Note: If the matrix is huge this way of computing will blow the stack. It's more efficient to first A{1} and then appending basis vectors, but the result is less elegant b/c you need to keep track of indeces. The way presented here reuses the code cleanly b/c the procedure on A_n is just the procedure on A_n-1 + some extra work. The algorithm itself breaks down the problem into it's smaller parts.

Note2: Again, everything is transposed for convenience.. which is not very ergonomic. If I were to start over I'd write it in column major order.

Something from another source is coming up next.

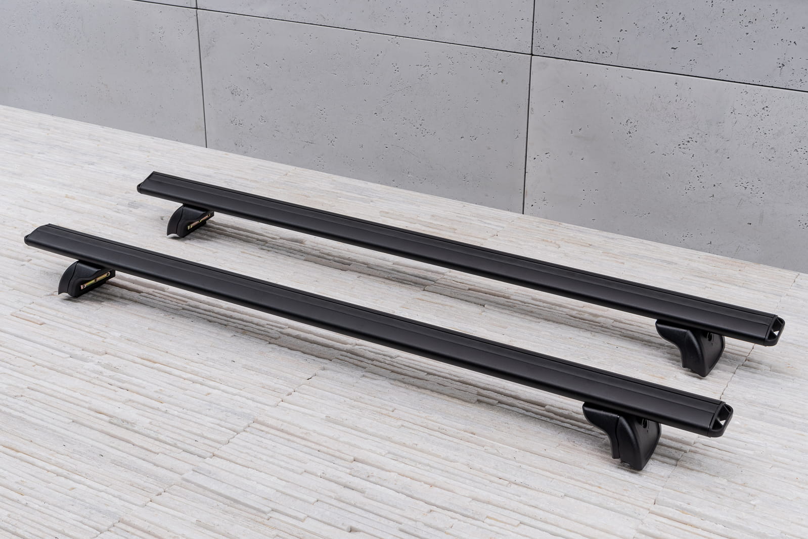 Bagażnik wykonano z wysokiej jakości aluminium z dodatkowo wzmocnionym systemem mocowania "T" belki górnej. Mocowania belek (łapy) zostały wykonane ze stali co gwarantuje największą wytrzymałość, dodatkowo obudowano je mocnym plastikiem co zapewnia odpowiednią aerodynamikę łap.

(defun matrix-gram-schmidt (A-transpose)
  "For a column return it's normalized basis. For a matrix adds a new orthonormal vector to the orthonormal basis of A_{n-1}"
  (cond ((= 1 (matrix-rows A-transpose)) ;; base case
         (matrix-normalize-row A-transpose))
        (t ;;recursive case
         (let* ((basis (matrix-gram-schmidt
                        (matrix-submatrix A-transpose 
                                          0
                                          0
                                          (- (matrix-rows A-transpose) 1)
                                          (matrix-columns A-transpose))))
                (next-column (matrix-transpose
                                        (matrix-get-row A-transpose
                                                        (1- (matrix-rows A-transpose)))))
                (orthogonal-component (matrix-get-orthogonal-component basis
                                                                       next-column)))
           (matrix-append basis (matrix-transpose (matrix-normalize-column orthogonal-component)))))))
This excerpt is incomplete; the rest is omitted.